The new campus of Augusta University’s Medical College of Georgia is expected to enroll its first students on the Armstrong Campus of Georgia Southern University by fall 2024, pending approval for accreditation.

The campus will be in the existing Armstrong Center and the Health Professions Academic Building of Georgia Southern’s Waters College of Health Professions.

Located down the street from Savannah’s St. Joseph’s Hospital, it would be MCG’s third four-year campus in Georgia. The MCG educational experience is anchored at its main campus in Augusta, with another four-year campus located in Athens in partnership with the University of Georgia.

The Board of Regents of the University System of Georgia on Tuesday approved $1.7 million for renovations at Georgia Southern’s Armstrong Campus to help make the new campus a reality.

The money was included in the fiscal year 2024 state budget passed earlier this year by the Georgia General Assembly and signed by Gov. Brian Kemp on May 5.

Four-year campuses provide the full spectrum of medical education, from basic sciences to clinical experiences.

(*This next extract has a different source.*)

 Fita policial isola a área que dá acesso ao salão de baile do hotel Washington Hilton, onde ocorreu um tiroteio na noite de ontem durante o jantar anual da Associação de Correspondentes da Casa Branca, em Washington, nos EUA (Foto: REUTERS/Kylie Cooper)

The new campus would allow MCG to accept 40 more students per year, increasing its class size, already one of the nation’s largest, to 304 students per class.

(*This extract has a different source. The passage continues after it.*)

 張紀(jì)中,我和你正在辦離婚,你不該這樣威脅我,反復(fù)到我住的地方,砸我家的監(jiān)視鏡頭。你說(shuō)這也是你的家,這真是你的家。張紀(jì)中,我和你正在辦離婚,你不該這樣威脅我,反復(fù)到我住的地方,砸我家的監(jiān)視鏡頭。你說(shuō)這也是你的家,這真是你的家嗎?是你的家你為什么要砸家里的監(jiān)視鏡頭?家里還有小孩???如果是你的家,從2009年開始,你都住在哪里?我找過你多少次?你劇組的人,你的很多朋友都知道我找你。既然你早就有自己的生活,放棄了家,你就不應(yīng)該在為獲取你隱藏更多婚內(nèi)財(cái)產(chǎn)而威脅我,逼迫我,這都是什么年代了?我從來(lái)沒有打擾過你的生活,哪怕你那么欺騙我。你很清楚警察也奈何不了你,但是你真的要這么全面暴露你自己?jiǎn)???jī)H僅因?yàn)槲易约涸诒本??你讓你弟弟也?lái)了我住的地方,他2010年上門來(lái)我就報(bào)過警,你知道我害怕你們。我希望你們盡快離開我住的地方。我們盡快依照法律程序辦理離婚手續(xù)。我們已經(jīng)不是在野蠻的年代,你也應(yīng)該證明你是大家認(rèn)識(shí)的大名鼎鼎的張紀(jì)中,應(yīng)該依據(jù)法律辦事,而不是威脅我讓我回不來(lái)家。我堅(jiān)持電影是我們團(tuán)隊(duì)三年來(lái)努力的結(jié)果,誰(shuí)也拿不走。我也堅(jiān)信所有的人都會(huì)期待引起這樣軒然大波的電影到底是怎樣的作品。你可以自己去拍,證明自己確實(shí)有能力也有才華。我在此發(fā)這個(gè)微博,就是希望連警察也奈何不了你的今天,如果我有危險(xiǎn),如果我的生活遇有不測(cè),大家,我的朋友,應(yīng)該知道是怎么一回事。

Georgia House Speaker Jon Burns, R-Newington, commented Wednesday on the plans.

“Georgia ranks 40th in the nation for both the number of active physicians and the number of primary care doctors,” Burns said. “Georgians experience this reality every day. Data shows that 82 Georgia counties have no OB/GYNs, 65 counties have no pediatricians and nine Georgia counties have no doctor at all. This must change, especially in rural Georgia.”

That’s why he says it’s a good thing to increase opportunities for AU to train more students.

“Georgia needs more doctors,” Burns said, “and I’m proud we are making this investment in our future.”